Заперев дорожную сумку в ячейке автоматической камеры хранения, Юкино открывает складной зонтик багрового цвета и выходит на улицу. Купол зонта, превратившись в подключённый к небосводу динамик, доносит до её слуха музыку дождя. По звучанию она понимает, что ливень усилился.
«Всё-таки я немного перепила». Юкино решает, что ей стоило бы протрезветь, и ноги сами, будто она ходит здесь каждый день, несут её в кафе рядом со станцией.
— Вам здесь или с собой? — спрашивает официант, и она отвечает:
— С собой, пожалуйста, — и добавляет: — Два стакана.
Когда он сошёл с деревянного моста в японском саду, звук дождя снова немного поменялся.
Щелчки капель по воде заглушаются шелестом раскачивающихся листьев. В медленное шарканье его самодельных броги[92] по земле вплетается звонкое щебетание белоглазок. Сквозь ветки чёрных японских сосен видна поверхность пруда, а в ней отражаются розовые цветки рододендронов, рыжая кора красных зонтичных сосен, яркая зелень листьев клёна.
В рюкзаке за спиной у Такао лежат сделанные для Неё туфли. Маленького размера лодочки на пятисантиметровом каблуке. Бледно-розовый носок, верх — слабого, близкого к белому телесного оттенка, и лимонно-жёлтый, словно выцветший на солнце, каблук. К концу длинного ремешка, застёгивающегося вокруг лодыжки, пришито украшение в форме кленового листа. Это туфли для Неё, и на сей раз в них можно будет ходить долго.
Где-то громко каркает большеклювая ворона, а из далёкой небесной вышины едва слышно доносится гром.
«О если б грома бог...»
Губы Такао сами шепчут эту строчку.
Душа наполняется предчувствием.
Из плотного окружения мокрых кленовых листьев выглядывает беседка. В ней виден силуэт сидящего человека. Вдыхая запах дождя и не давая чувствам разыграться, Такао продолжает идти, подходит ближе. Листья расступаются, и теперь беседка видна целиком.
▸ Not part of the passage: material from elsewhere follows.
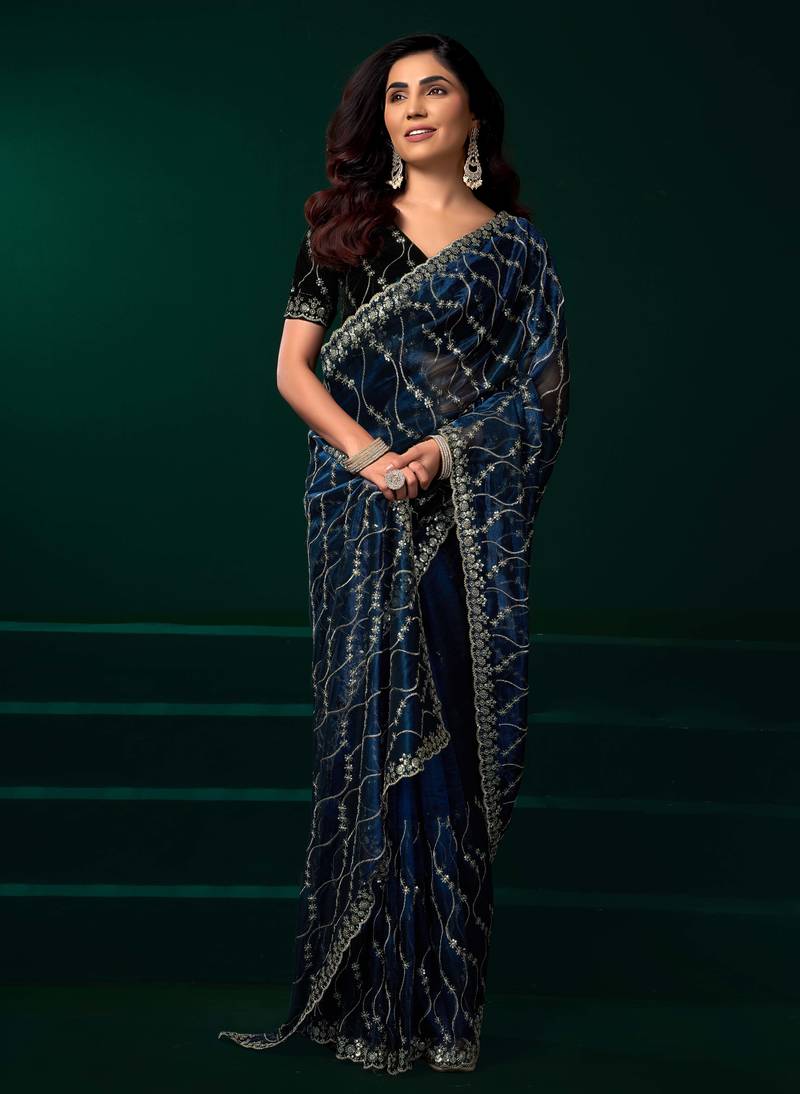 Blue sequins embroidered net designer party wear saree with unstitched velvet blouse

А в ней — женщина, одетая в бледно-зелёную юбку.
Такао останавливается.
У неё мягкие, ровно подстриженные волосы до плеч. Она подносит ко рту стаканчик с кофе и мельком смотрит на него.
«Будто заканчивается дождь», — думает Такао, глядя, как напряжение на лице Юкино — казалось, она едва сдерживает слёзы — медленно сменяется улыбкой.
Послесловие
Литература — моя давняя неразделённая любовь.
И не только она. Мне всю жизнь казалось, будто я безнадёжно влюблён и в мангу, и в кино, и в анимацию, и в природные пейзажи. Иначе говоря, они мне нравятся, а вот я им вовсе не так интересен. Полагаю, взрослому человеку эти чувства ничего не дают, и всё же я никак не могу от них отделаться.
Так как я работаю режиссёром-аниматором, то, по крайней мере, у меня есть возможность признаться анимации: «Как же сильно я тебя люблю». Но с литературой так не получалось. Самое большее, на что меня хватало, — это безостановочно перелистывать страницы книг в свободное время — например, в поезде, или в ожидании, пока закончится рендеринг[93] (что бывает весьма часто при просчёте кадров цифровой анимации на персональном компьютере), — и восхищаться: «До чего же, должно быть, интересно заниматься литературой!»
Поэтому, когда роман «Сад изящных слов» начал печататься в журнале «Да Винчи», я был вне себя от счастья. Писать его стало настоящим удовольствием. Я решил вдоволь насытить текст всем тем, что считал невозможным или слишком трудным для анимации. Например, написать: «...она... улыбнулась, как улыбается заблудившийся ребёнок». В такие моменты я думал (обращаясь к самому себе как к режиссёру): «Как тебе это? Сумеешь передать картинкой?» Сможет ли актёр точно сыграть «заблудившегося ребёнка»? Сможет ли художник так нарисовать лицо, чтобы любой увидел на нём именно это выражение? Скорее всего, нет. Показать тревогу, наверное, получится, но крайне сложно добиться того, чтобы зритель дошёл до простого сравнения с заблудившимся ребёнком. Или же я пишу: «Через закрытую дверь, как из-под надетых наушников...» и про себя ухмыляюсь: и это тебе (картинке) не под силу. Зритель не станет ассоциировать фоновый шум в школьном классе с наушниками. Я лично убедился, что соединять слова в предложения и есть главное наслаждение в литературе. Оглядываясь назад, готов признать, что я лишь сам себя раззадорил, и всё-таки для меня то время было счастливым.